Игорь Бекетов : Инга
01:11 07-11-2025
Инга
Память моя — не вереница дней, а ряд освещенных окон, за которыми движутся тени былого. И самое яркое, самое мучительное окно — то, в котором является мне Инга.
Я увидел ее на сибирском курорте, название которого, полагаю, давно уж выцвело, как старая этикетка. Она шла по пляжу не одна, с матерью — существом расплывчатым и не запоминающимся. Мы оказались рядом случайно, фатум предоставил им рядом со мной два свободных шезлонга. Инге было, скажем, лет шестнадцать, это возраст, когда тело уже осознало свою власть, но разум делает вид, что не подвластен телу. Я практикующий психиатр и мое утверждение верно.
Она не была красавицей в общепринятом смысле; ее красота была системой изъянов, складывавшихся в ослепительное целое: узковатые, чуть косящие глаза какого-то смешанного цвета, веснушки, не россыпью, а одним облаком, легшим на переносицу, и губы – обветренные и всегда приоткрытые, будто для невысказанного упрека или поцелуя.

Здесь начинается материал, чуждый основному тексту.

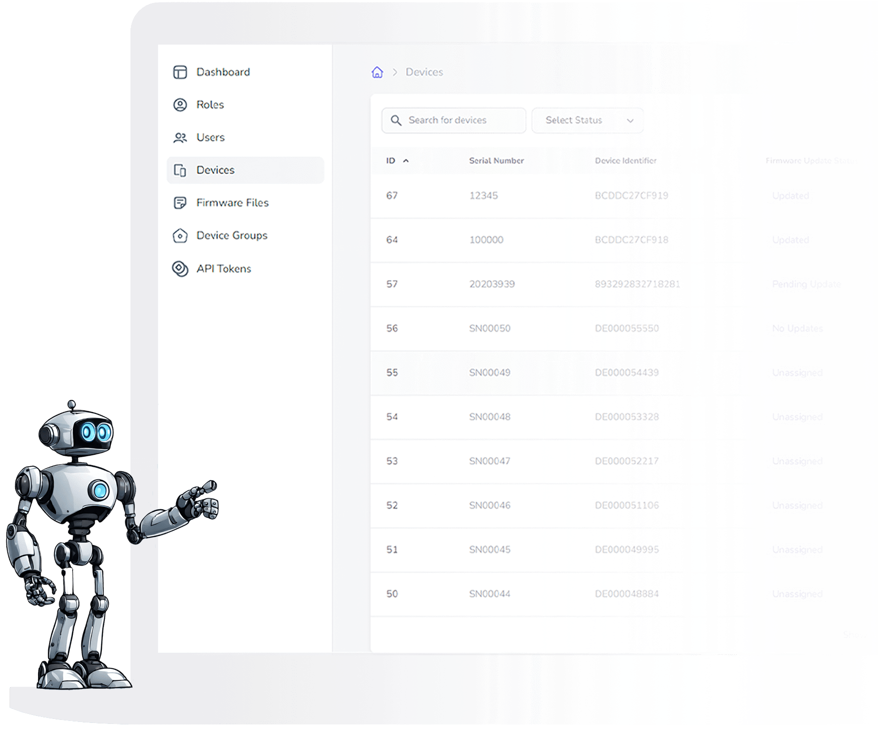 Effortlessly update your IoT device firmware remotely. Our platform ensures quick, secure, and seamless delivery of updates to your devices wherever they are located.
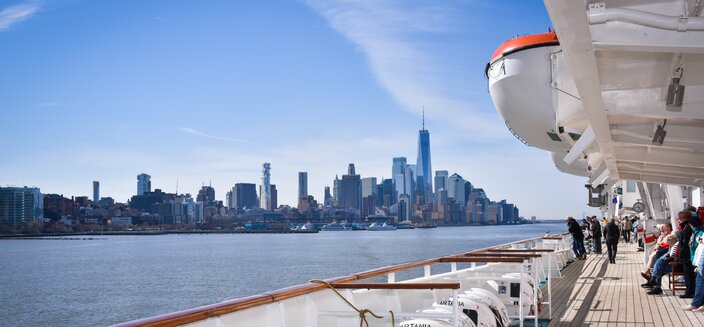 Artania -Gäste blicken auf die Skyline von Manhattan, MS Artania
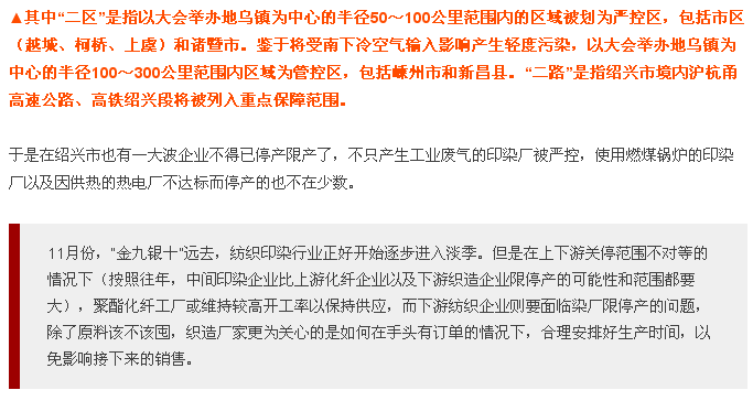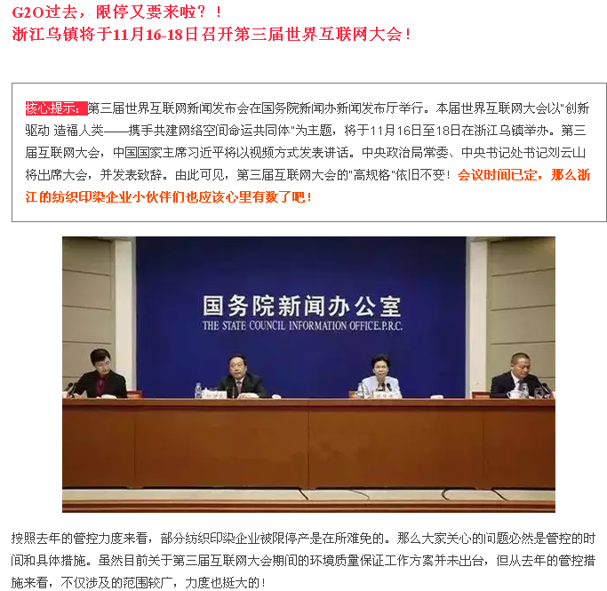 友情提醒: 如果说今年11月16-18日的第三届互联网大会按照去年的标准和范围对相关地区实施管控,那么周边纺织印染企业的小伙伴们要提前做好准备啦!
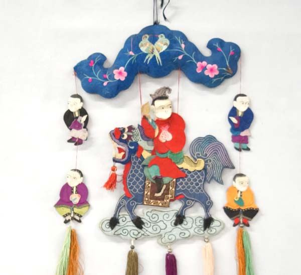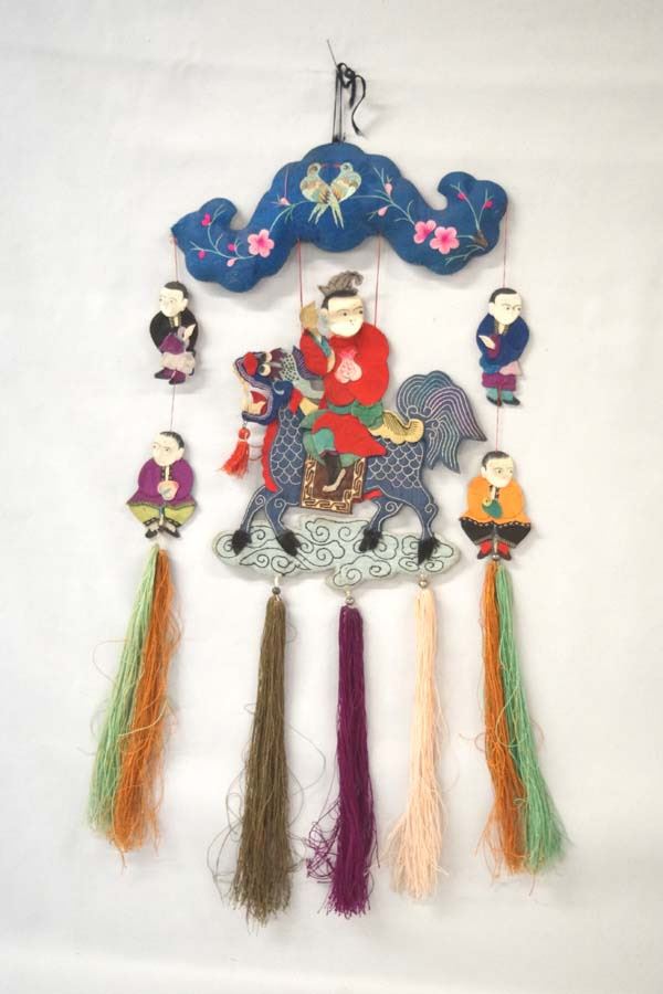 Antique Chinese Embroidered Silk Mobile, depicts man riding Foo Dog, beautiful embroidery work, measures 20'' x 10''
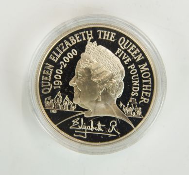 Royal Mint Queen Mother Centenary silver crown, together with a 2010 Restoration of the Monarchy commemorative medal coin, toned, 65mm 155.5g, in case with certificate 007 and a further toned silver cased commemorative crown sized coin
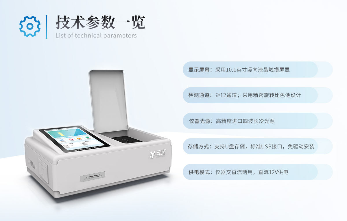 | 儀器采用臺式一體化系統(tǒng)檢測技術(shù),將分光光度模塊、新型農(nóng)殘檢測模塊、數(shù)字化管理模塊、無線通訊模塊高度集成于一體,支持檢測200種食品安全檢測項目,同時預(yù)留升級檢測方法。 | 儀器檢測模塊標(biāo)準(zhǔn)化、智能化,可隨意自由組合。檢測箱體內(nèi)置多個標(biāo)準(zhǔn)檢測單元,檢測模塊可以調(diào)整配置。 | 儀器采用全新安卓智能系統(tǒng),主控芯片采用 ARM Cortex-A7,RK3288/4核處理器,10.1寸高清液晶觸摸豎屏,更加**的UI交互界面,運轉(zhuǎn)快捷;儀器配備無線通信模塊: 4G(APN)通訊模塊、Wifi模塊,藍(lán)牙傳輸,同時具有雙USB接口以及RJ45接口能以多種方式實現(xiàn)數(shù)據(jù)保存和數(shù)據(jù)傳輸功能。 | 創(chuàng)新檢測模式: | ★檢測通道:≥12通道;采用精密旋轉(zhuǎn)比色池設(shè)計,使用同芯片同光源校準(zhǔn)精度,解決不同光源之間的誤差值。1-12通道間誤差0.1%。(***:**202022821055.2) | ★儀器具有自動識別比色皿檢測功能,即:將樣品比色皿放入儀器后,點擊樣品檢測,儀器自動識別比色皿進(jìn)行通道檢測。 | 進(jìn)口高精光源: | 高精度進(jìn)口四波長冷光源,通道配置 410、520、590、630nm 波長光源,一個光源芯片驅(qū)動一個光源,誤差極小,每臺設(shè)備單獨**校準(zhǔn)光源,**比對,同時參照四種不同波段光源全方位覆蓋市面上99%的農(nóng)殘食品項目檢測。 | 智能化操作系統(tǒng): | 便捷操作系統(tǒng):設(shè)備檢測時可在同一檢測界面自動對應(yīng)相關(guān)檢測通道一次性選擇1-12個樣品名稱,無須退出界面,節(jié)省操作時間。 | 數(shù)據(jù)集成系統(tǒng):設(shè)備首頁自動統(tǒng)計檢測數(shù)據(jù)包含:周檢測數(shù)據(jù)、月檢測數(shù)據(jù),全部檢測總數(shù)量,均包含檢測總數(shù),合格數(shù),不合格數(shù),以及相關(guān)柱形分析圖,對各項檢測數(shù)據(jù)清晰掌握,無需電腦查詢,更加快捷直觀。 | 項目預(yù)設(shè)系統(tǒng):支持添加單個及多個相同或不相同的任務(wù)預(yù)設(shè),一鍵快速調(diào)取,每一個任務(wù)分別可以設(shè)置不同的樣品、批次、編號、來源、備注、抽樣信息、檢測信息、受檢信息、復(fù)核信息等更多信息。無縫鏈接平臺和APP實時查看下發(fā)任務(wù)。 | 數(shù)據(jù)監(jiān)管系統(tǒng):同步對接監(jiān)管平臺,數(shù)據(jù)可局域網(wǎng)和互聯(lián)網(wǎng)數(shù)據(jù)上傳,檢測結(jié)果可選擇直接傳至食品安全監(jiān)管平臺。集成OSS輸出存儲服務(wù)、區(qū)分設(shè)備定向管理應(yīng)用,進(jìn)行區(qū)域食品安全監(jiān)管及大數(shù)據(jù)分析處理與數(shù)據(jù)統(tǒng)計,檢測區(qū)域食品安全長短期動態(tài),達(dá)到食品安全問題預(yù)估、預(yù)警。 | 自定義打印系統(tǒng):內(nèi)置全新打印系統(tǒng),新創(chuàng)自定義打印方式,可按需靈活設(shè)置開啟或關(guān)閉:產(chǎn)品合格證(國家農(nóng)業(yè)部標(biāo)準(zhǔn)要求),二維碼,抽樣信息、檢測信息,受檢信息、復(fù)核信息、抽樣日期、檢測日期等信息的打印。 | 系統(tǒng)遠(yuǎn)程更新功能:可定向分客戶分儀器更新系統(tǒng),按照不同客戶后期實際需求添加項目,無需機器返廠,即可遠(yuǎn)程實時升級全新系統(tǒng),節(jié)省時間成本及避免運輸造成設(shè)備損壞。 | 儀器主機采用一體化防水、抗壓、防撞擊、防腐蝕箱體設(shè)計,同時配備交直流供電,可連接車載電源,可選配大容量充電鋰電池,滿足現(xiàn)場野外檢測需求。 | 安全證書,放心保障:儀器具有中國計量科學(xué)研究院校準(zhǔn)證書,權(quán)威認(rèn)證。 |
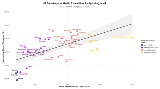 Figure 2 illustrates the relationship between ND prevalence and Health Expenditure per Capita (HEP) across OECD countries. The scatter plot reveals patterns in the data, with countries grouped by their expenditure levels ranging from low (<USD 1000) to very high (≥USD 5000). The visualization shows the distribution of countries across different spending categories and their corresponding ND prevalence rates, with a trend line indicating the overall relationship between health expenditure and neurological disease prevalence.
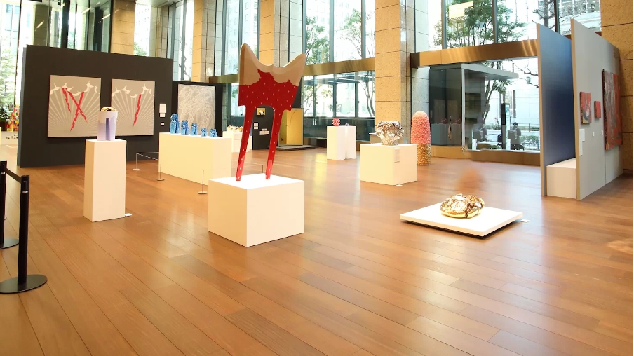 今回のメインターゲットは、アート作品を好んで購入されている富裕層の他に、都心のオフィスで働くビジネスパーソンです。そこで、東京・大手町にある三井住友銀行東館1Fという、多くの人が行き交うロビー空間を会場に選びました。ガラス張りのためビルの外から中の様子が見やすく、どなたでも気軽に立ち寄れる場所です。ここ数年、既成概念にとらわれない自由な思考法である「アート思考」がビジネスパーソンの間でも広がりつつあります。現代アートからビジネスのヒントを得ていただくとともに、アートを身近に感じていただきたいと考えています。また、写真撮影やSNSへの投稿も歓迎です。SNSで拡散することで、より多くの方にアートへの関心を持ってもらいたいという思いからです。
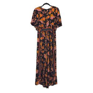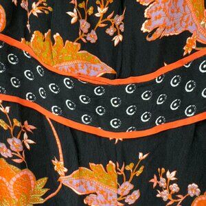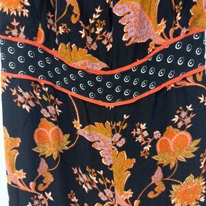 Maeve Anthropologie Belted Botanical Floral Jumpsuit Black Orange β Sash Belt, Flutter Sleeves
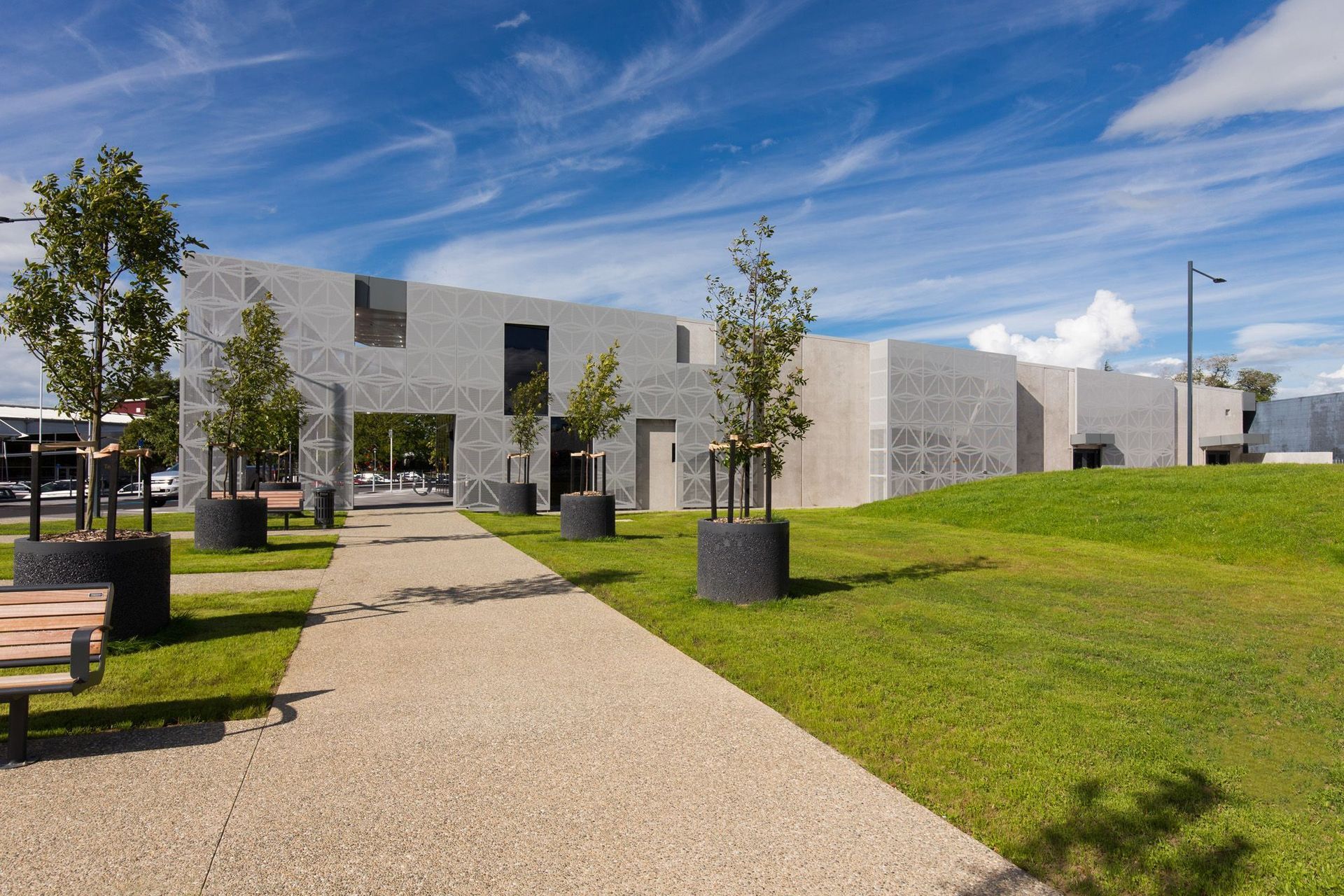 ArchiPro Project Summary - Te Awamutu Library features a modern design with a limited exterior palette of precast concrete, glass, and intricate perforated metal cladding, creating a unique identity while engaging the community and focusing on the human perspective.

Я, утомившийся коллекционер оттенков чужой тоски, увидел в ней не девочку, а некий феномен. Она была живым палиндромом, существом, чье обаяние заключалось в двойственности: детская неуклюжесть жестов и вдруг — кошачья грация поворота головы; смех, похожий на звон разбитого хрусталя, и тут же — боязливая усталость во взгляде, который, казалось, усматривал скорый финал.
Сближались мы странно, наполняя не назначенные встречи на пляже молчаливым созерцанием. Я, кромкой зрения не выпуская из вида склоненную над спицами голову ее матери, вязавшей серой шерстью тишину между нами, украдкой ловил образы Инги, как ловит солнечный луч линза: вот она строит из песка не замок, а некое абстрактное сооружение, обреченное на скорое разрушение; вот лежит навзничь, предоставив солнцу растить ее зревшую женственность; вот щурится, поймав мой взгляд и, кажется, видит насквозь мои жалкие, тайные мысли.
Я бы не посмел прикоснуться к ней, даже представься на то некий фантастический случай, ибо прикосновение убило бы алмазную грань моего восхищения, превратило бы ее из мифа в плоть. Я коллекционировал мимолетности: тень ресниц на щеке; доносящийся контрабандой от ее пшеничных волос аромат лавандового мыла; звук ее мягкого голоса, звавшего мать, — голоса, от которого по спине бежал холодок, будто от прикосновения крыла бабочки.
Греховная и внезапная моя влюбленность, разумеется, была лишена будущего. Она существовала в герметично закупоренном настоящем: в пространстве между тремя шезлонгами, которые неизменно ссужало нам провидение, положив декаду на уплату долга.
Трагедия, как это часто бывает, была банальной и стремительной. Однажды, после суток сплошного дождя, в день, когда напитанный солнцем воздух стал густ и липок, немногочисленные курортники высыпали на озеро. Инга, смеясь своему отражению в воде, оступилась на скользком камне. Падение ее было прекрасным, будто на сцене. Не было ни возгласа, ни крика о помощи — лишь тихий всплеск и круги, разошедшиеся по воде. Я не бросился за ней тут же. Не думаю, что это было роковой заминкой, но все же… все же на несколько мгновений я замер, парализованный ужасом и совершенством балетного жеста, законченностью формы. Ее исчезновение было последним, самым горьким и прекрасным элементом ее существа.
Тело Инги я вытащил лишь через несколько минут. Мокрое платье облепило хрупкий стан, волосы были похожи на водоросли. Но даже тогда, в лице ее я увидел не смерть, а лишь продолжение ее загадки.
Теперь прошло много лет. Я почти старик, чьи дни унылы, как пыльный гербарий. Но я до сих пор ловлю себя на том, что ищу Ингу в толпе — не взрослую женщину, которой она никогда не станет, а ту самую, с веснушками и косящим взглядом. Она является мне в сновидениях, всегда уходящая, всегда оборачивающаяся на том берегу. И я понимаю, что потерял не человека, а некий смысл, который сам же и выдумал. Трагедия не в ее смерти, а в том, что моя мерцающая любовь пережила ее объект и продолжает жить, как вечный двигатель, работающий в пустоте, питаясь тенями и отзвуками. И в этом заключается суть моей изощренной жестокости обращенной к самому себе.